● Given data:
----

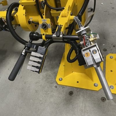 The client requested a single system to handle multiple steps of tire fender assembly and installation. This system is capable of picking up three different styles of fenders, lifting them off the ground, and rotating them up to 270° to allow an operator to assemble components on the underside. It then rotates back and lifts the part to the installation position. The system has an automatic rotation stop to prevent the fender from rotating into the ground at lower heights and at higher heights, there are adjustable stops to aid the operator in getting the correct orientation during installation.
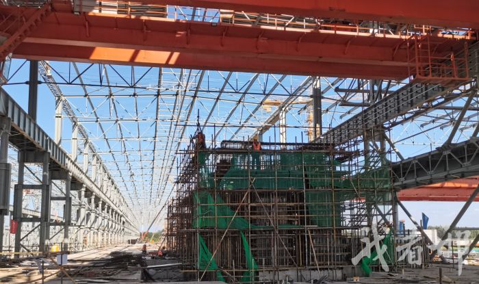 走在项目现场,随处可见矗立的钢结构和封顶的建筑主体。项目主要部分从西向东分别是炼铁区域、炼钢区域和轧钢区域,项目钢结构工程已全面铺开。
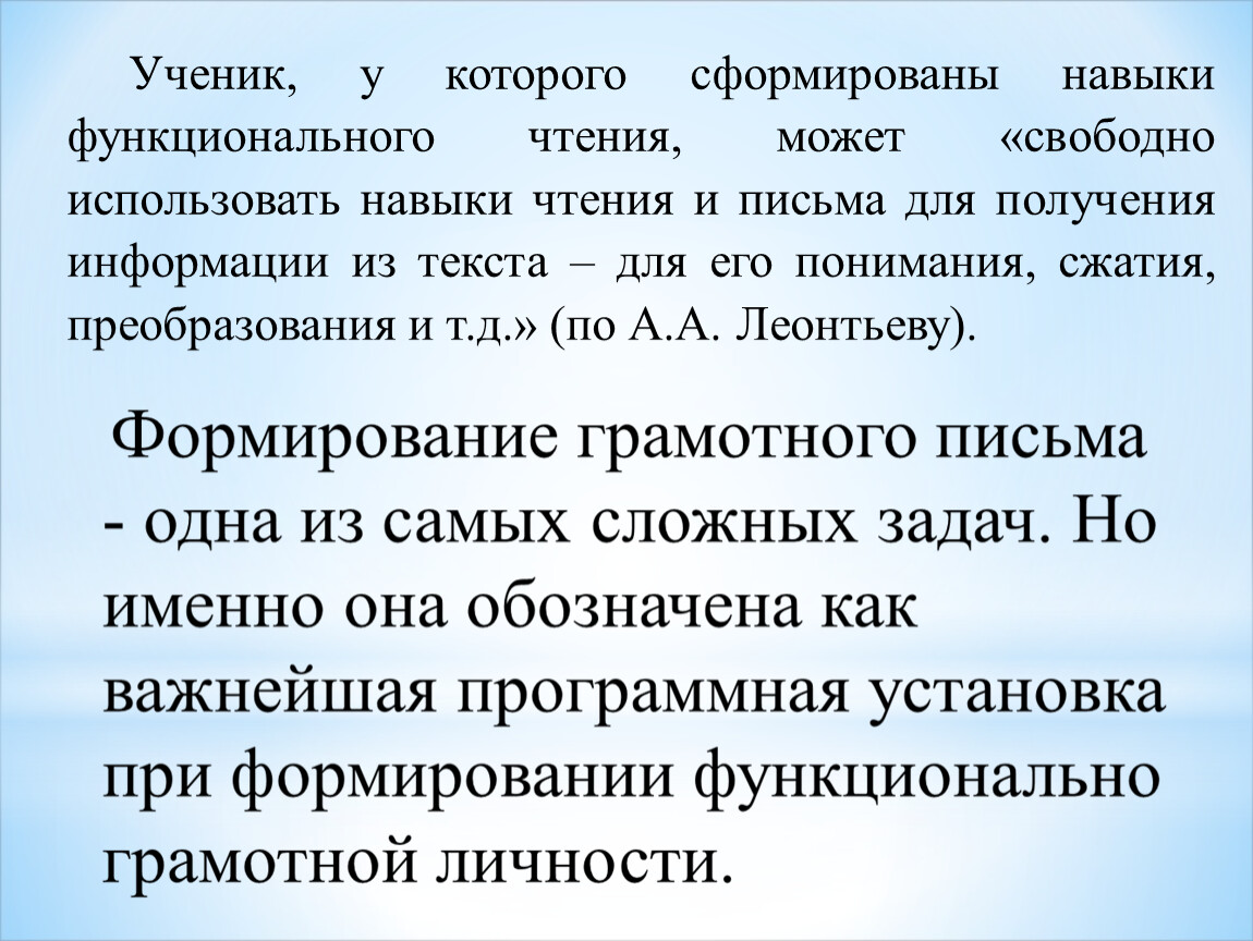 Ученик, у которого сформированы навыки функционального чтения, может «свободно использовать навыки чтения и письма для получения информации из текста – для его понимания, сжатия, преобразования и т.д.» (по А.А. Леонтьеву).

----

● Exercise prompt:
Reproduce the final stretch of lines exactly: the line containing "走在项目现场,随处可见矗立的" through the last line of the data, both included. Pictures do not belong in the copy.

● Your response:
 走在项目现场,随处可见矗立的钢结构和封顶的建筑主体。项目主要部分从西向东分别是炼铁区域、炼钢区域和轧钢区域,项目钢结构工程已全面铺开。
 Ученик, у которого сформированы навыки функционального чтения, может «свободно использовать навыки чтения и письма для получения информации из текста – для его понимания, сжатия, преобразования и т.д.» (по А.А. Леонтьеву).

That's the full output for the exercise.